Les autoclaves de classe B sont le meilleur type d'appareil utilisé pour stériliser divers types de produits entrant en contact avec des tissus humains et animaux, ou des éléments de laboratoire. La particularité de ce type d'appareil est la fonction de vide fractionné, créée en laissant entrer de courtes impulsions de vapeur, qui éliminent l'air de l'intérieur de la chambre. Les autoclaves de classe B de l'offre de la marque Yeson seront un bon choix. Nous proposons des appareils de différentes capacités, notamment des petits stérilisateurs pour les salons de beauté et des plus grands, adaptés aux établissements médicaux. Le choix d'un appareil haut de gamme constitue la base du travail des lieux mentionnés, mais il est également nécessaire de procéder à une validation, qui est discutée plus en détail ci-dessous.

QU'EST-CE QUE LA VALIDATION ?

La validation est un processus technique consistant en des actions visant à garantir que les processus exécutés dans un type spécifique d'équipement, ainsi que les procédures et les matériaux utilisés, aboutissent à l'obtention de résultats planifiés et reproductibles. Ceci est extrêmement important du point de vue de la stérilisation effectuée dans un autoclave de classe B : tous les produits et outils doivent subir des processus de stérilisation dans des conditions strictement définies, c'est-à-dire une température de 121 à 134 degrés Celsius et une pression de 1,1 à 2,1 bars. Sinon, l'appareil risque de ne pas éliminer suffisamment les microbes nocifs.

COMMENT VALIDER LES STERILISATEURS DE CLASSE B ETAPE PAR ETAPE ?

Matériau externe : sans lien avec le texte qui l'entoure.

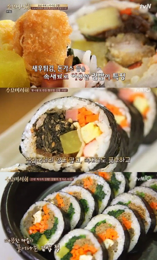 6일 방송된 tvN '수요미식회'에서는 소녀시대 써니, 블락비 박경이 게스트로 참여한 가운데 '김밥'을 주제로 한 미식 토크가 진행됐다.

La validation des autoclaves de classe B nécessite les étapes suivantes :

• Il est nécessaire de compléter la documentation de l'appareil, notamment les manuels d'utilisation, les certificats d'étalonnage, les schémas techniques et autres documents liés à la stérilisation avec l'appareil.
• Il est nécessaire de revoir ces documents pour s'assurer que l'autoclave de classe B est conforme aux exigences applicables telles que la norme EN 13060 pour les stérilisateurs.
• Si l'autoclave est neuf, il doit être validé en usine. A cet effet, il est bon de contacter le fabricant pour obtenir les informations nécessaires à ce sujet.
• Préparons un plan de validation, en tenant compte des tests et des procédures auxquelles les appareils doivent être soumis. Bien entendu, un tel plan doit tenir compte des recommandations du fabricant du stérilisateur et des réglementations légales applicables.
• Il est extrêmement important d'effectuer des tests d'efficacité des autoclaves de classe B. Nous parlons ici de tests et de surveillance de la pression, de la température, de l'efficacité de la stérilisation, ainsi que de la durée des processus menés. L'appareil doit répondre à chacun des problèmes mentionnés ci-dessus.
• L'ensemble du processus de validation doit être soigneusement documenté, y compris les résultats, les conclusions et les recommandations.
• À l'issue de la validation d'un autoclave de classe B, un certificat de validation est délivré qui confirme que l'autoclave répond à toutes les normes requises et est prêt à l'emploi.